**** Records ****

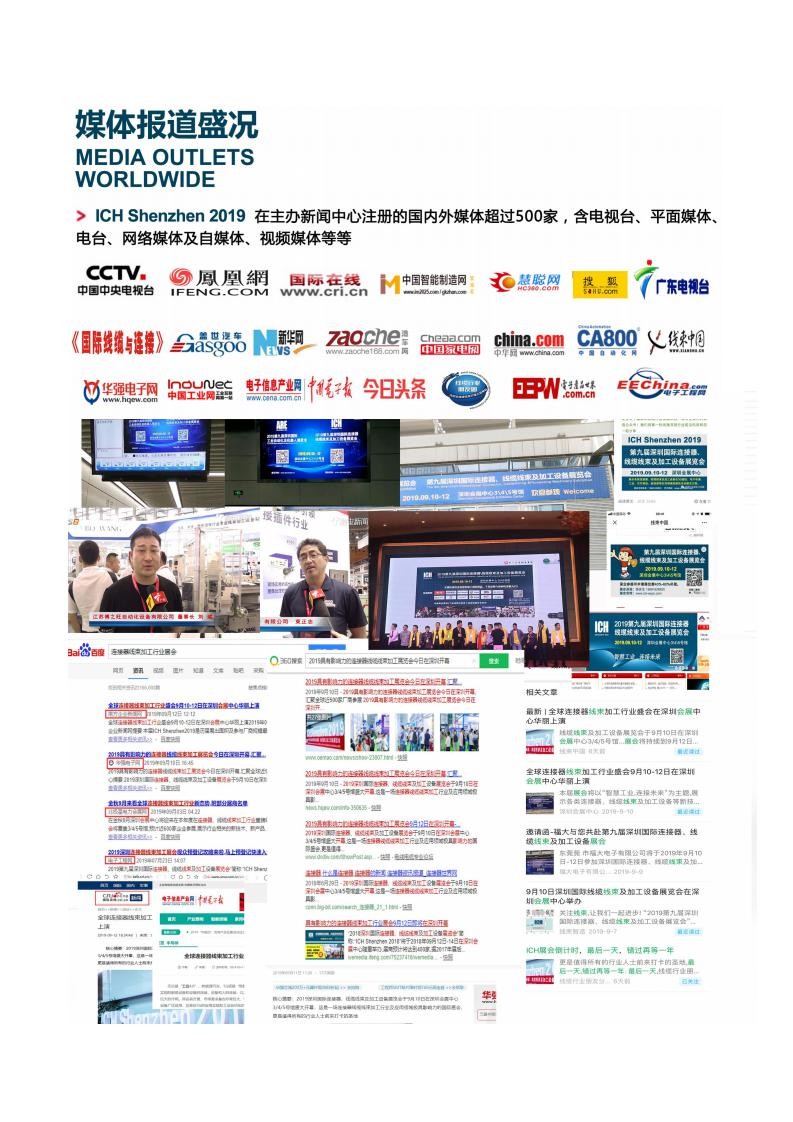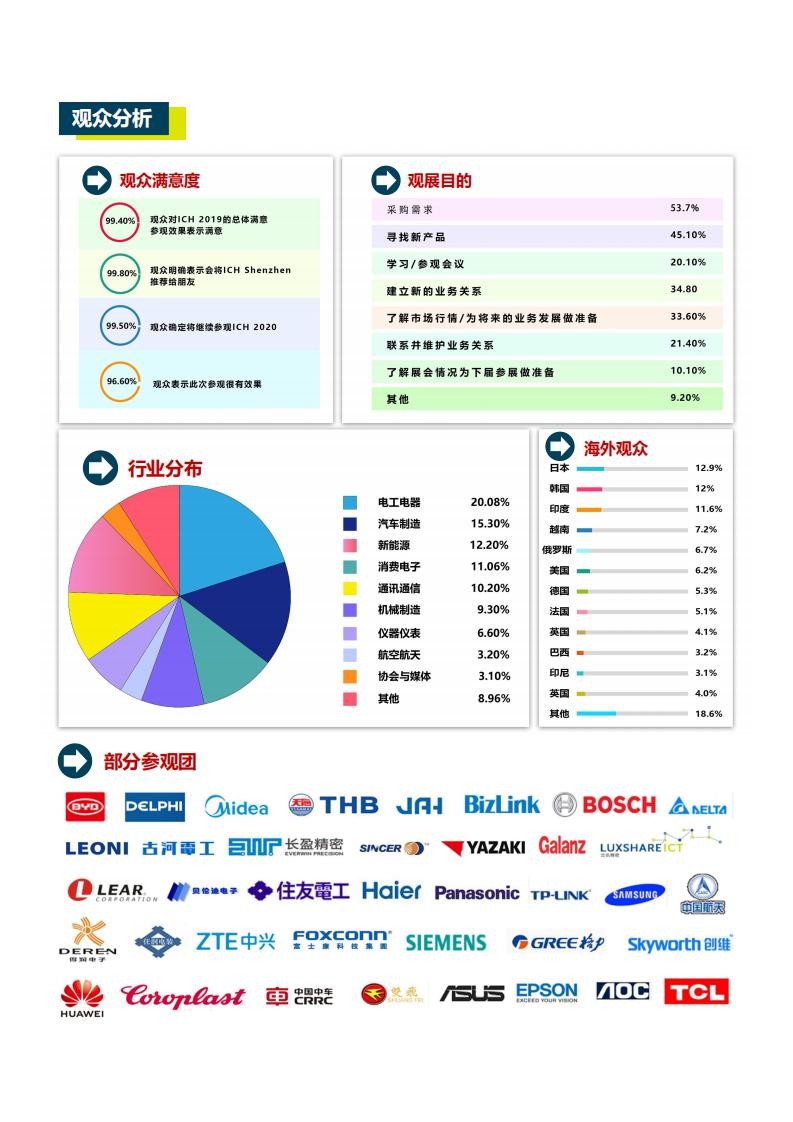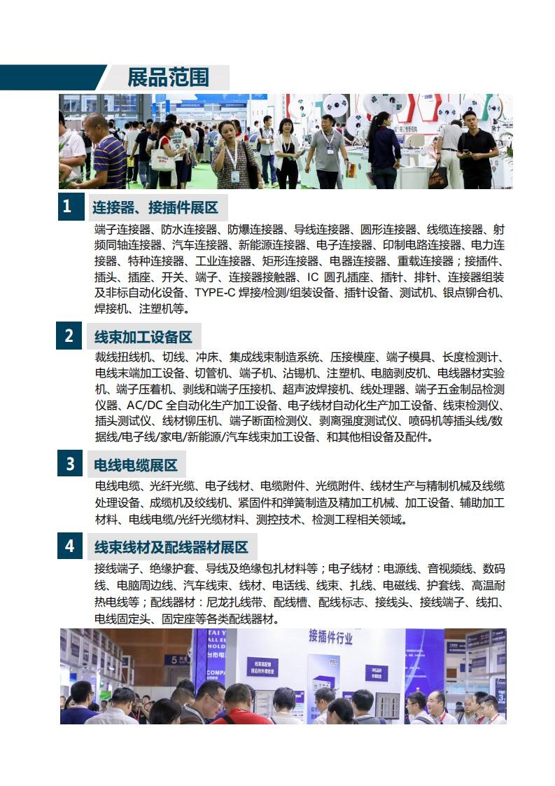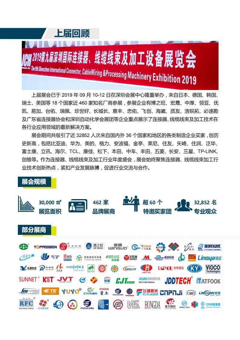 上屆展會已于2019年09月10-12日在深圳會展中心盛大開幕,來自日本、德國、韓國、瑞士、美國等18個國家近460家知名廠商參展,參展企業有博之旺、宏晟、中厚、領亞、優凱、易加、臺佑、瑞佩、珍世好、長城長、意豐、忠佑、飛創、海崴、質友、浩銳拓、必速勘及廣東省連接器協會和深圳自動化學會展團等企業重點展示了連接器、線纜線束及加工技術在各行業應用領域的最新解決方案。展會期間共吸引了近32852人次來自國內外36個國家和地區的各類制造企業買家,創歷史新高,包括比亞迪、華為、美的、格力、安波福、金亭、萊尼、住友、矢崎、住潤、泛華、富士康、立訊、海爾、TCL、康佳、松下、本田、中車、豐田、五菱、長安、三星、TP-link、創維等。作為連接器、線纜線束及加工行業年度盛會,展會始終聚焦連接器、線纜線束加工行業技術創新熱點,緊扣行業發展脈搏,大力促進產業交流與合作。
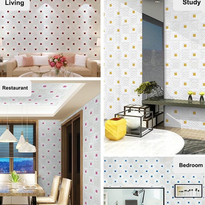 Setiap lembar dilengkapi dengan perekat (lem) pada bagian belakangnya, sehingga Anda tidak perlu membeli lem tambahan. Material foam yang tebal dan fleksibel memudahkan Anda untuk memotong dan menyesuaikannya dengan sudut ruangan. Tersedia dalam dua pilihan ukuran untuk disesuaikan dengan kebutuhan dekorasi Anda.
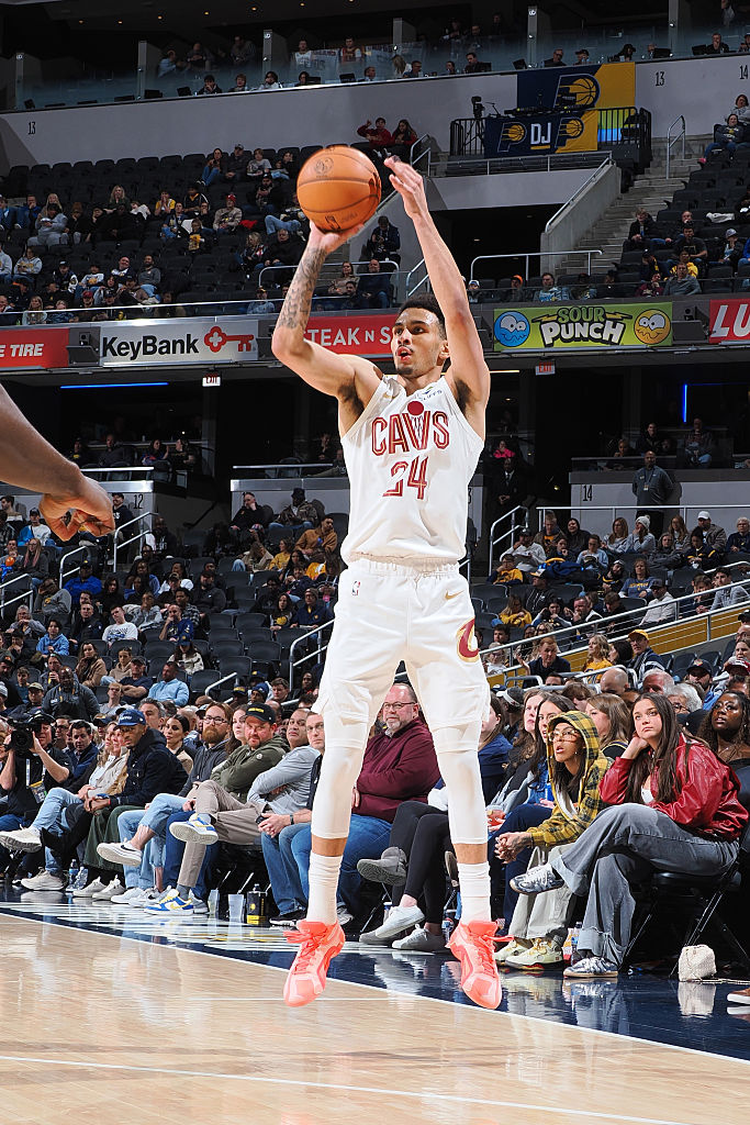 Tyrese Proctor #24 of the Cleveland Cavaliers shoots a three point basket during the game against the Indiana Pacers on December 1, 2025 at Gainbridge Fieldhouse in Indianapolis, Indiana. Photo: Ron Hoskins/NBAE via Getty Images
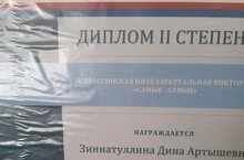 Дипломом 2 степени награждена ученица 1 а класса Зиннатуллина Дина, участвовавшая во Всероссийской интеллектуальной викторине "Самые-самые". Поздравляем!
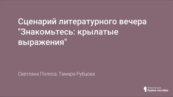 Сценарий литературного вечера "Знакомьтесь: крылатые выражения"
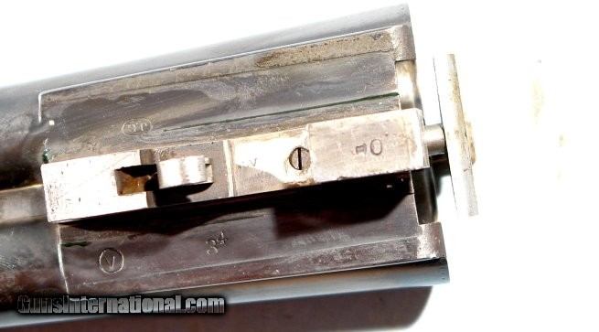 Description: ORIGINAL PARKER BROTHERS VH GRADE 28 GAUGE SHOTGUN CIRCA 1909. 26” Vulcan Steel barrels choked Improved Cylinder and Improved Cylinder. 2 ½” chambers. Double triggers and automatic safety. “O” frame gun serial numbered in the 152,xxx range for 1909 production. All matching serial numbers. All original as professionally and nicely re-finished overall with excellent high grade walnut re-stocked butt done in the factory original manner (14 ¼” pull. 1 ½”, 2 ½” drop). Original “Parker” logo hard rubber butt plate and “Parker” pistol grip cap. Original forend. Excellent overall with 99% plus and all the stock finish and very nice and crisp checkering. Perfect working order. Bores pitted but may clean better. Very scarce original Parker 28 gauge. Weighs 6 pounds, 4 ounces. SOLD Curio/Relic: Yes |
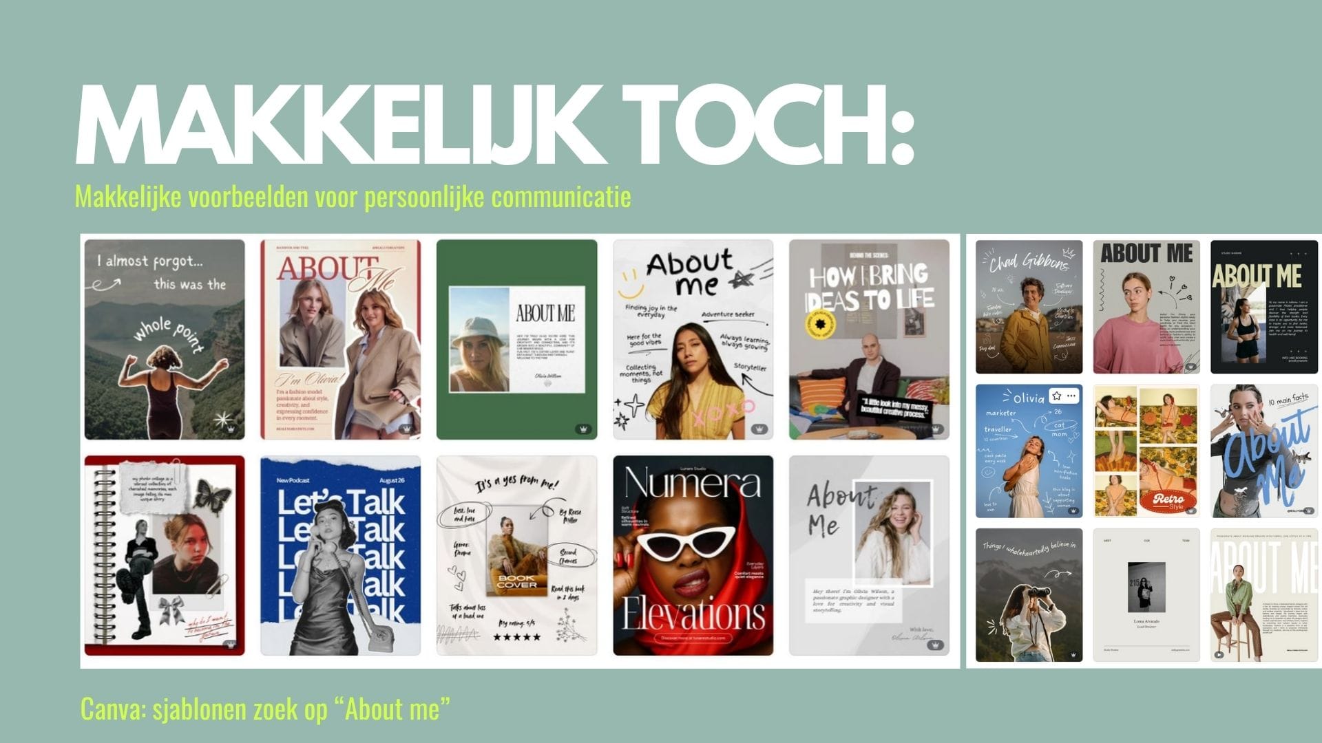 - Canva, voor al je visuals, social posts en presentaties. Werk met je eigen kleuren, lettertypes en beeldbank.

****

- _Exercise prompt_
Go through the material above and print all of it exactly, except the pictures.

- _Task result_
 上屆展會已于2019年09月10-12日在深圳會展中心盛大開幕,來自日本、德國、韓國、瑞士、美國等18個國家近460家知名廠商參展,參展企業有博之旺、宏晟、中厚、領亞、優凱、易加、臺佑、瑞佩、珍世好、長城長、意豐、忠佑、飛創、海崴、質友、浩銳拓、必速勘及廣東省連接器協會和深圳自動化學會展團等企業重點展示了連接器、線纜線束及加工技術在各行業應用領域的最新解決方案。展會期間共吸引了近32852人次來自國內外36個國家和地區的各類制造企業買家,創歷史新高,包括比亞迪、華為、美的、格力、安波福、金亭、萊尼、住友、矢崎、住潤、泛華、富士康、立訊、海爾、TCL、康佳、松下、本田、中車、豐田、五菱、長安、三星、TP-link、創維等。作為連接器、線纜線束及加工行業年度盛會,展會始終聚焦連接器、線纜線束加工行業技術創新熱點,緊扣行業發展脈搏,大力促進產業交流與合作。
 Setiap lembar dilengkapi dengan perekat (lem) pada bagian belakangnya, sehingga Anda tidak perlu membeli lem tambahan. Material foam yang tebal dan fleksibel memudahkan Anda untuk memotong dan menyesuaikannya dengan sudut ruangan. Tersedia dalam dua pilihan ukuran untuk disesuaikan dengan kebutuhan dekorasi Anda.
 Tyrese Proctor #24 of the Cleveland Cavaliers shoots a three point basket during the game against the Indiana Pacers on December 1, 2025 at Gainbridge Fieldhouse in Indianapolis, Indiana. Photo: Ron Hoskins/NBAE via Getty Images
 Дипломом 2 степени награждена ученица 1 а класса Зиннатуллина Дина, участвовавшая во Всероссийской интеллектуальной викторине "Самые-самые". Поздравляем!
 Сценарий литературного вечера "Знакомьтесь: крылатые выражения"
 Description: ORIGINAL PARKER BROTHERS VH GRADE 28 GAUGE SHOTGUN CIRCA 1909. 26” Vulcan Steel barrels choked Improved Cylinder and Improved Cylinder. 2 ½” chambers. Double triggers and automatic safety. “O” frame gun serial numbered in the 152,xxx range for 1909 production. All matching serial numbers. All original as professionally and nicely re-finished overall with excellent high grade walnut re-stocked butt done in the factory original manner (14 ¼” pull. 1 ½”, 2 ½” drop). Original “Parker” logo hard rubber butt plate and “Parker” pistol grip cap. Original forend. Excellent overall with 99% plus and all the stock finish and very nice and crisp checkering. Perfect working order. Bores pitted but may clean better. Very scarce original Parker 28 gauge. Weighs 6 pounds, 4 ounces. SOLD Curio/Relic: Yes |
 - Canva, voor al je visuals, social posts en presentaties. Werk met je eigen kleuren, lettertypes en beeldbank.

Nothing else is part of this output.